What they don't realize is how much business they're actually risking. The best online companies and organizations are acutely aware about how hard it is to actually make a sale – it's an entire process of wooing your potential customers, giving them free resources, attention, and excellence, and drawing them perfectly to convince them to pay for a service you provide. To put it bluntly – this doesn't happen easily.
How many customers have companies prevented from buying their products by limited payment options? What about the company that's been looking for a business curriculum for their entire staff, and find they can't pay through a money transfer? Or the university that needs a team of business consultants to come in and fix things, but can't pay the way they want?
1. Adding PayPal
PayPal has become one of the quickest, easiest, and most-used payment options online, yet thousands of online companies don't let customers pay through it.

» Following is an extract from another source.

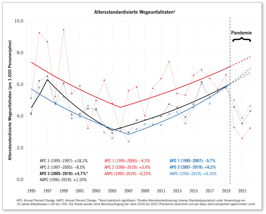 Nach einem anfänglichen kurzen Anstieg in den Wegeunfallraten (dicke schwarze Linie in ➥ Abb. 1) zwischen 1995 und 1997 zeigt sich ein deutlicher Rückgang in den Jahren 1997 bis 2005 und danach wiederum ein Anstieg (u-förmiger Verlauf). Ohne Berücksichtigung der SARS-CoV-2-Pandemie (2020–2022) war die altersstandardisierte Wegeunfallrate in den Jahren 2005 und 2007 mit jeweils 2,9 beziehungsweise 3,0 Wegeunfällen pro 1.000 Personenjahren am niedrigsten und im Jahr 1997 mit 6,5 am höchsten. In den Jahren der Pandemie (rechts der vertikalen gestrichelten Linie) lagen die beobachteten Wegeunfallraten bei beiden Geschlechtern recht deutlich unter den erwarteten Fällen, wenn der steigende Trend von 2005 bis 2019 auf die Pandemiejahre extrapoliert wird (gestrichelte Trendlinien). Die durchschnittliche jährliche prozentuale Veränderung (AAPC) über den Zeitraum 1995–2019 fiel mit +1,1 % (altersstandardisiert) gering aus und war statistisch nicht signifikant. Mit Ausnahme des Zeitraums der SARS-CoV-2-Pandemie, liegen die Wegeunfallraten der Frauen fast durchgängig über derjenigen der Männer.

PayPal boasts one of the most important factors a payment option can gain – trust. For every payment option, there are a dozen shady, risky options that will probably try and take your money instead of transferring it. Everyone knows PayPal, from the smallest blog selling T-shirts to high-ranking blogs that offer year-long curriculums for business. You're giving your potential customers an option they trust, and if it's their primary method for paying online, the worst business mistake you could commit it to prevent them from paying.
2. Adding Money Transfer
There are countless trusted money-transfer companies online. Most banks even let you pay through specialized money-transfer tools that can accommodate international payments. If you do business in Colombia, Argentina, Mexico or the Philippines, for instance, your customers could send money online with RIA. It's not on you to dictate how customers can pay for your services – any company that is preventing customers from giving them money is going to have to answer for the missed sales in the end.
3. Third Party Options
There are countless methods people use to pay for purchases online – money transfer, credit cards, and PayPal are only a few. The trick isn't to cater to every possible customer out there, each with a unique payment method; however, companies that allow popular options like Chase QuickPay (and other Fortune 500 banks), Amazon, and Square Cash can expect to see customers more comfortable with their payments of choice. Obviously, we're not trying to make every option available – just the ones that will work.
Don't prevent your customers from paying. Let them pay the way they want to; you'll see more sales, a greater number of sales, and some serious business growth over time. How can you afford not to?